En muchos de estos casos, el dolor se relaciona con un trastorno funcional del sistema digestivo, conocido actualmente como trastorno del eje intestino-cerebro.
Este concepto se refiere a la estrecha comunicación bidireccional que existe entre el sistema nervioso central (el cerebro) y el tracto gastrointestinal, al que a menudo se le llama el “segundo cerebro”. Por esta razón, muchas emociones o situaciones de estrés que experimentan los niños (como problemas en el colegio o ansiedad) pueden manifestarse como molestias o dolor abdominal real, sin que exista una enfermedad orgánica de base.

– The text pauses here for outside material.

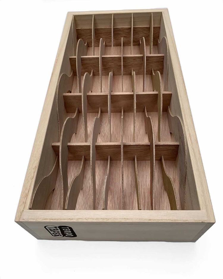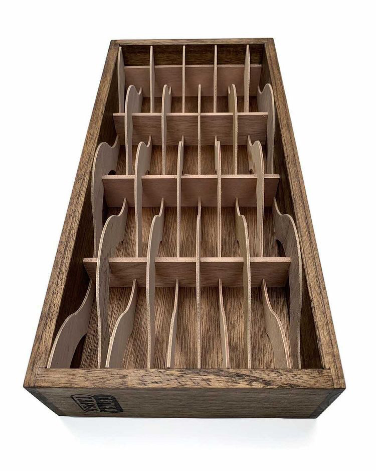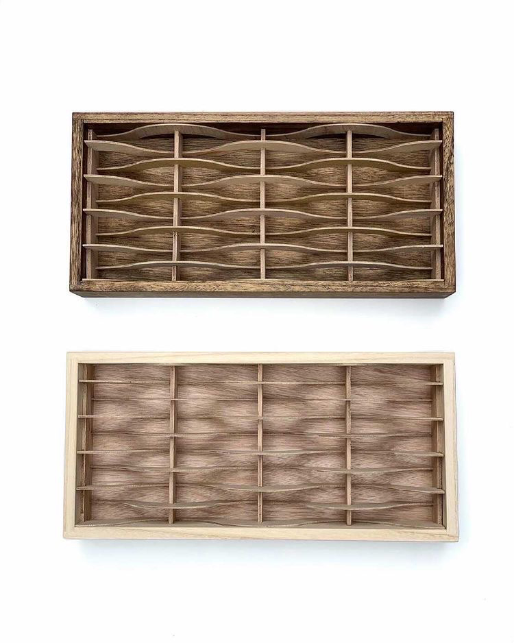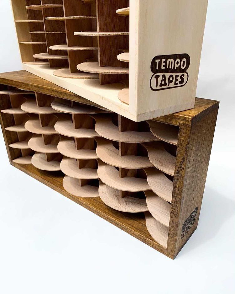 併せて、雲や水の流れをイメージして仕切り部分を波状に設計したというテープ・ラック『漂(TADAYOU)』も店舗にて販売(オンライン販売なし)。愛知・名古屋の木工会社「DaLa mokko」に制作を依頼した同商品は、無塗装の「MUKU」とダークチョコレート色のニスを塗った「DARK CHOCOLATE」の2色展開。井口弘史がデザインした「TEMPO TAPES」のロゴが焼印であしらわれています。

Sin embargo, como padres, es fundamental aprender a identificar los signos de alarma que podrían indicar una patología de mayor gravedad y que requieren atención médica.
Señales de Alarma: Cuándo buscar ayuda médica
Si el dolor abdominal de tu hijo se presenta junto a cualquiera de los siguientes síntomas, es momento de una evaluación médica especializada para descartar una causa orgánica.
1. El tipo de dolor
Un dolor funcional (por estrés o gases) suele ser vago, intermitente y localizado «alrededor del ombligo». Las alarmas se encienden cuando el dolor:
- Despierta al niño por la noche: Un dolor que interrumpe el sueño rara vez es funcional.
- Es súbito e incapacitante: Si el dolor es tan intenso que el niño no puede caminar, saltar o se retuerce de dolor.
- Está bien localizado: Especialmente si el dolor es constante y se ubica en un punto específico, como la parte inferior derecha del abdomen (lo que podría sugerir apendicitis).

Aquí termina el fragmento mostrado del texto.